*** MATERIAL FOR THE TASK ***

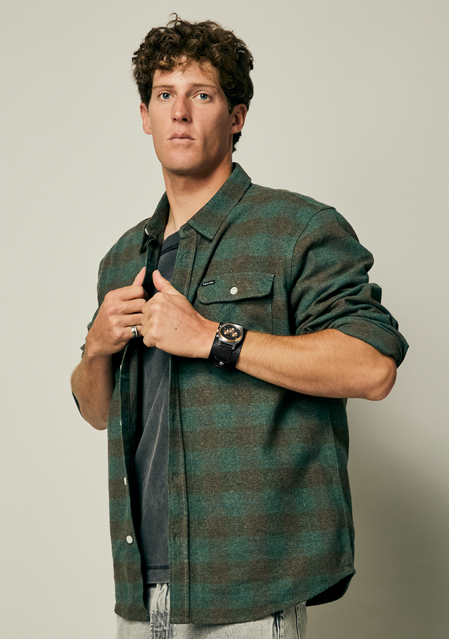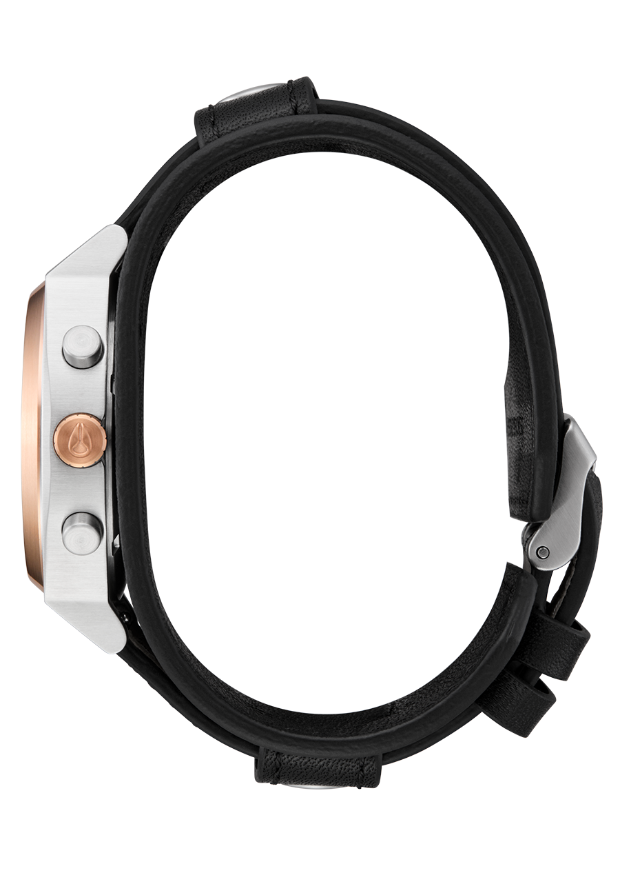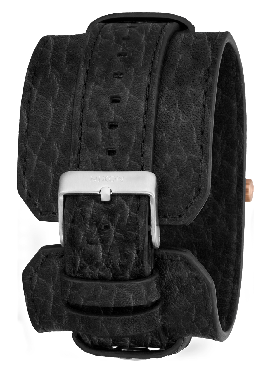 Bracelet de montre en cuir véritable de 20 mm à dégagement rapide avec boucle en acier inoxydable massif. Bracelet rocker personnalisé en cuir véritable de 45 mm avec logo Nixon et rivets en acier inoxydable. Les bracelets peuvent être séparés pour créer deux looks différents.
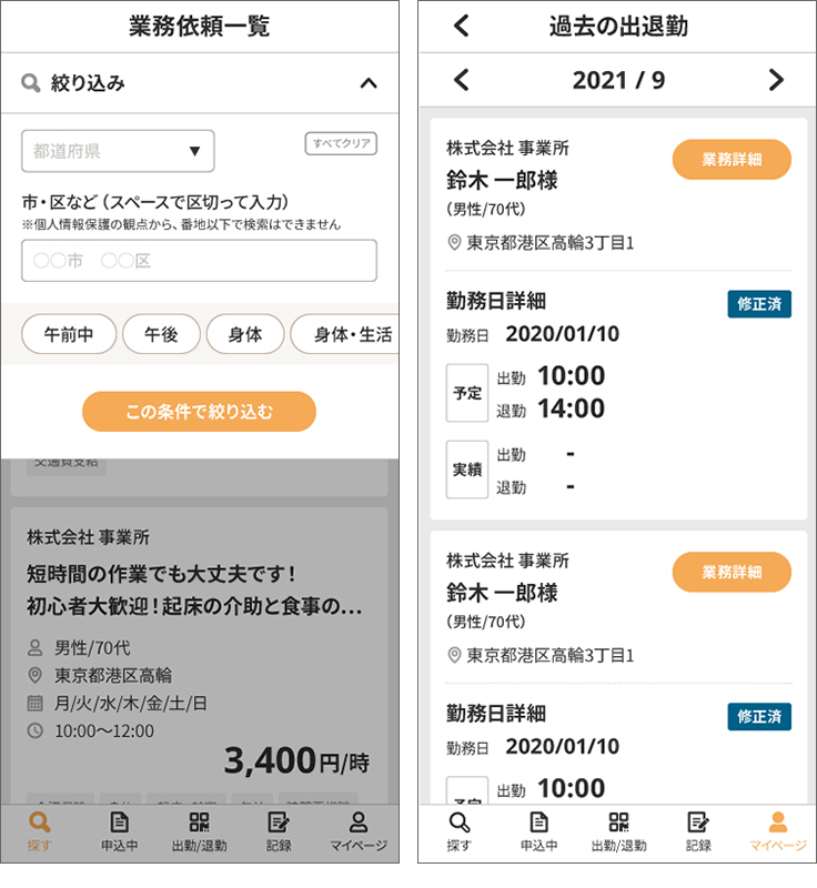 ◆ヘルパー用(スマホアプリ):業務検索、出退勤管理
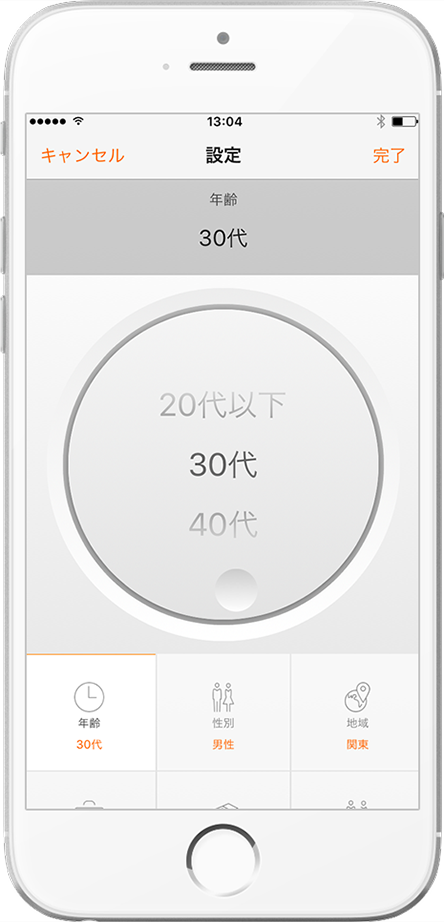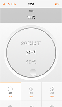 使い勝手のよいインターフェースにより、当行スマホアプリで気軽に探索いただけます。9つのプロファイル項目をダイアルで選んでいくだけの直感的な操作で、平均金融資産データを簡単に絞り込みできます。
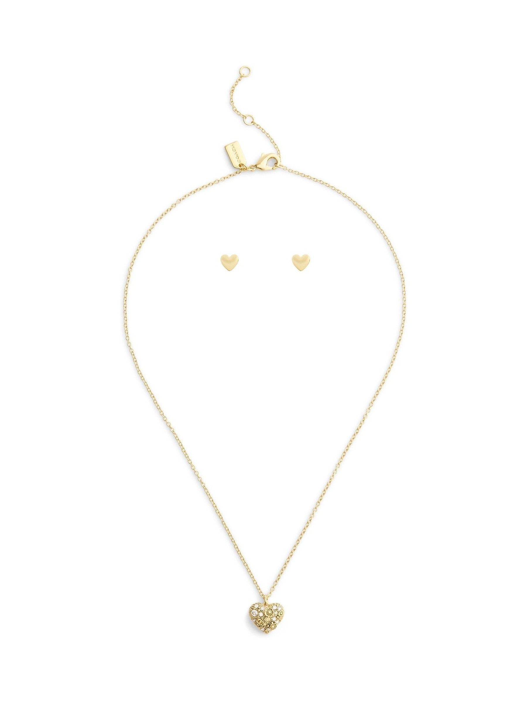 Sophisticated jewelry set featuring coordinating necklace and earrings. Refined chain necklace featuring timeless heart pendant adorned with sparkly pavé, signature sculpted C hardware and iconic tea roses. Perfectly paired with everyday heart stud earrings with hypoallergenic titanium posts to complete the look. Comes packaged in a signature COACH gift box. Necklace has an adjustable lobster clasp closure and earrings have a post back closure. Made from brass, glass crystal and titanium. Dimensions: Neckalce Length: 406mm + 51mm Extender, Earring Length: 6mm, Pendant Width: 13mm, Earring Width: 6mm, Pendant Drop: 13mm.
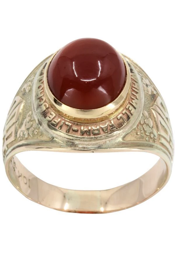Cette chevalière est une véritable bague universitaire américaine de Danville en Virginie.La traduction de la bague universitaire remonte à la promotion de 1835 de l’académie militaire de West Point, elle symbolise l’esprit de corps et la solidarité au sein du groupe. Elle s’est ensuite peu à peu répandue sur les campus universitaires civils des Etats-Unis.
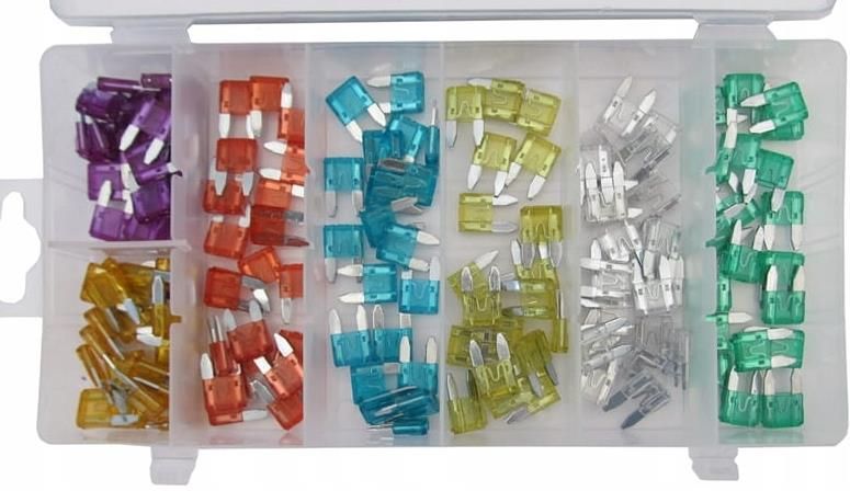 ZESTAW BEZEPIECZNIKÓW SAMOCHODOWYCH 140 SZT MINI S10532 W zestawie mieści się 140 sztuk bezpieczników w sześciu rozmiarach; Bezpiecznikom nadano różne kolory, aby łatwo je od siebie rozróżnić; Zestaw bezpieczników ma zastosowanie podczas konserwacji lub naprawy instalacji elektrycznej w samochodzie; Komplet bezpieczników mini ma zastosowanie w różnych modelach samochodowych; Montaż bezpieczników jest szybki i łatwy, przeprowadza się go bez wykorzystania narzędzi; ZAWARTOŚĆ ZESTAWU 3A - 20 SZT 5A - 20SZT 10A - 20SZT 15A - 20SZT 20A - 20SZT 25A - 20SZT 30A - 20SZT
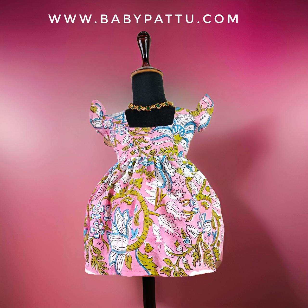 Pattu Pavadai is a traditional dress of South India. The paavadai or langa is a cone-shaped, long skirt that is pleated and tied around the waist, normally made of silk, that hangs down from the waist to the toes.
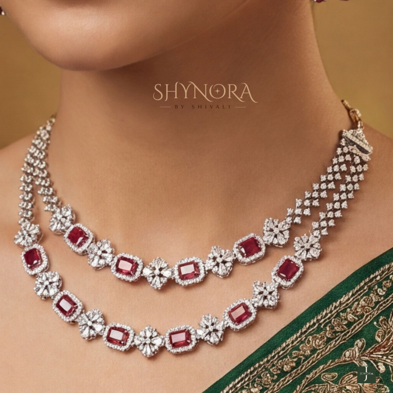Elevate your festive and bridal look with this elegant Ruby Blossom layered necklace set, designed to exude timeless charm and graceful sophistication. Featuring radiant ruby-red rectangular stones accented with sparkling diamond-finish crystals, this set showcases a beautiful dual-layer necklace design that sits effortlessly on the neckline.
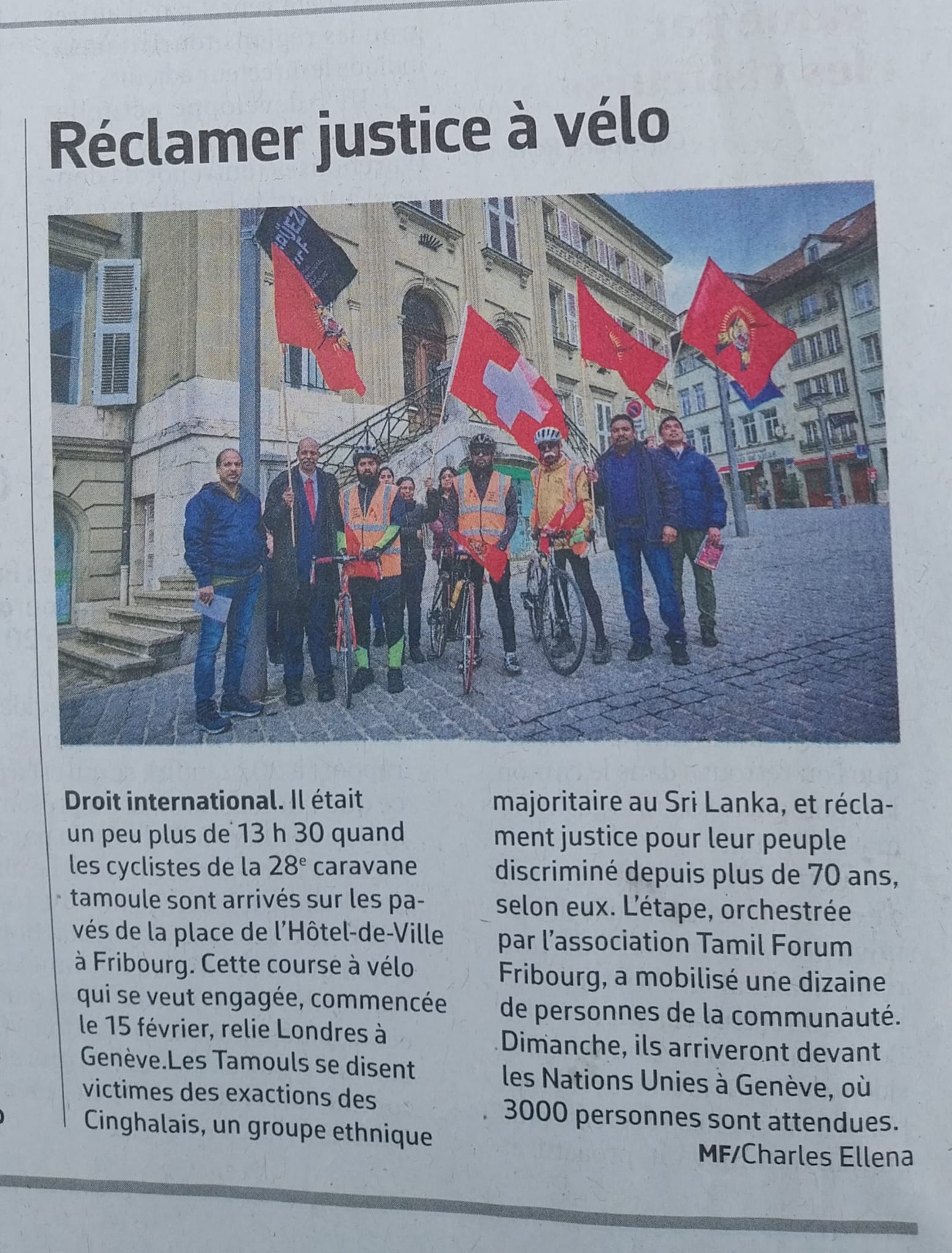 நேற்று பிறிபேர்க் பத்திரிகை சந்திப்பு 02.04.2023 இல் “LA LIBERTE” பத்திரிகையில் பிரசுரிக்கப்பட்டமை குறிப்பிடத்தக்கதாகும்.
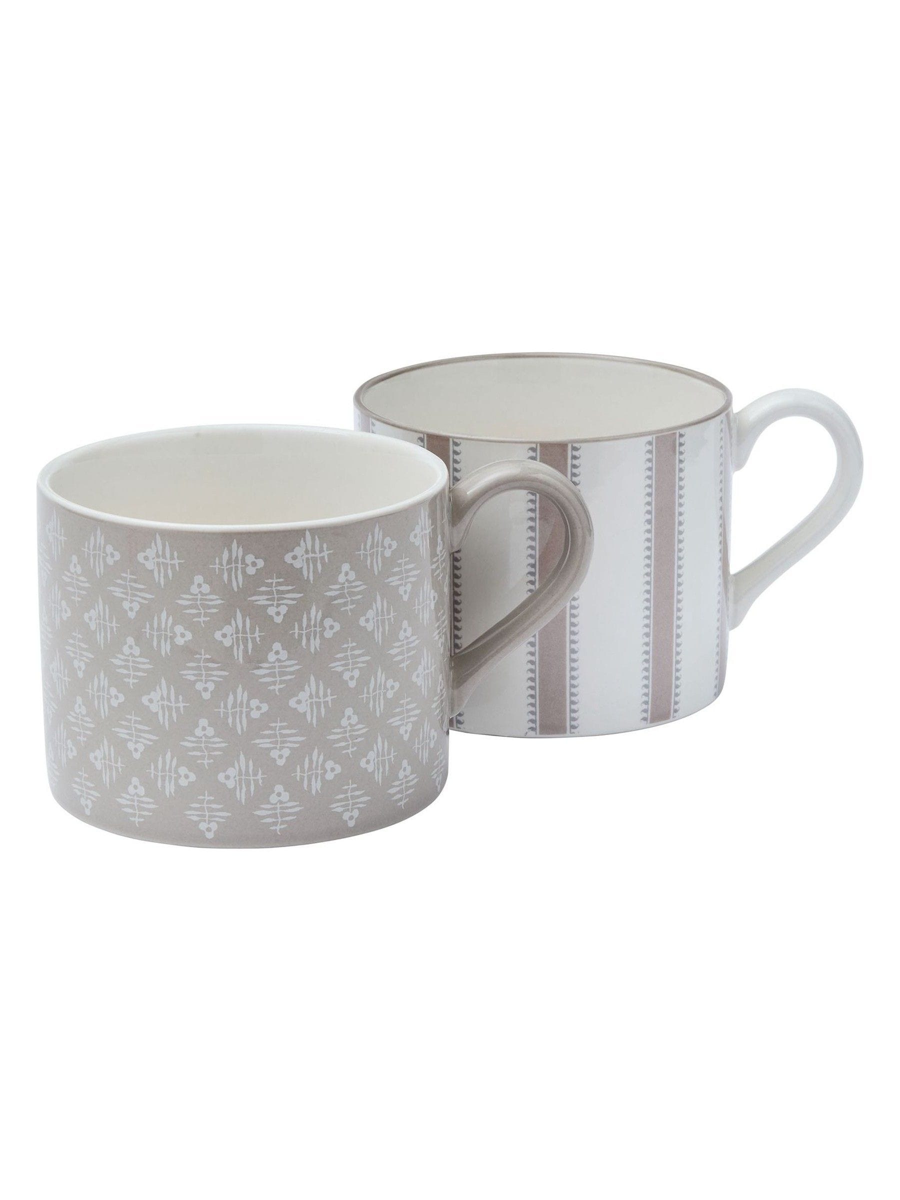 Sip in style with this charming pair of stoneware mugs, featuring two timeless designs in a Linen colourway. One showcases a geo sprig pattern, while the other boasts a contemporary striped design. Perfect for morning coffee, afternoon tea, or a thoughtful gift.

*** End of MATERIAL FOR THE TASK ***

- _EXERCISE BRIEF_: None of the pictures should be copied, but every record above must be returned exactly.

- _FINISHED TASK_:
 Bracelet de montre en cuir véritable de 20 mm à dégagement rapide avec boucle en acier inoxydable massif. Bracelet rocker personnalisé en cuir véritable de 45 mm avec logo Nixon et rivets en acier inoxydable. Les bracelets peuvent être séparés pour créer deux looks différents.
 ◆ヘルパー用(スマホアプリ):業務検索、出退勤管理
 使い勝手のよいインターフェースにより、当行スマホアプリで気軽に探索いただけます。9つのプロファイル項目をダイアルで選んでいくだけの直感的な操作で、平均金融資産データを簡単に絞り込みできます。
 Sophisticated jewelry set featuring coordinating necklace and earrings. Refined chain necklace featuring timeless heart pendant adorned with sparkly pavé, signature sculpted C hardware and iconic tea roses. Perfectly paired with everyday heart stud earrings with hypoallergenic titanium posts to complete the look. Comes packaged in a signature COACH gift box. Necklace has an adjustable lobster clasp closure and earrings have a post back closure. Made from brass, glass crystal and titanium. Dimensions: Neckalce Length: 406mm + 51mm Extender, Earring Length: 6mm, Pendant Width: 13mm, Earring Width: 6mm, Pendant Drop: 13mm.
Cette chevalière est une véritable bague universitaire américaine de Danville en Virginie.La traduction de la bague universitaire remonte à la promotion de 1835 de l’académie militaire de West Point, elle symbolise l’esprit de corps et la solidarité au sein du groupe. Elle s’est ensuite peu à peu répandue sur les campus universitaires civils des Etats-Unis.
 ZESTAW BEZEPIECZNIKÓW SAMOCHODOWYCH 140 SZT MINI S10532 W zestawie mieści się 140 sztuk bezpieczników w sześciu rozmiarach; Bezpiecznikom nadano różne kolory, aby łatwo je od siebie rozróżnić; Zestaw bezpieczników ma zastosowanie podczas konserwacji lub naprawy instalacji elektrycznej w samochodzie; Komplet bezpieczników mini ma zastosowanie w różnych modelach samochodowych; Montaż bezpieczników jest szybki i łatwy, przeprowadza się go bez wykorzystania narzędzi; ZAWARTOŚĆ ZESTAWU 3A - 20 SZT 5A - 20SZT 10A - 20SZT 15A - 20SZT 20A - 20SZT 25A - 20SZT 30A - 20SZT
 Pattu Pavadai is a traditional dress of South India. The paavadai or langa is a cone-shaped, long skirt that is pleated and tied around the waist, normally made of silk, that hangs down from the waist to the toes.
Elevate your festive and bridal look with this elegant Ruby Blossom layered necklace set, designed to exude timeless charm and graceful sophistication. Featuring radiant ruby-red rectangular stones accented with sparkling diamond-finish crystals, this set showcases a beautiful dual-layer necklace design that sits effortlessly on the neckline.
 நேற்று பிறிபேர்க் பத்திரிகை சந்திப்பு 02.04.2023 இல் “LA LIBERTE” பத்திரிகையில் பிரசுரிக்கப்பட்டமை குறிப்பிடத்தக்கதாகும்.
 Sip in style with this charming pair of stoneware mugs, featuring two timeless designs in a Linen colourway. One showcases a geo sprig pattern, while the other boasts a contemporary striped design. Perfect for morning coffee, afternoon tea, or a thoughtful gift.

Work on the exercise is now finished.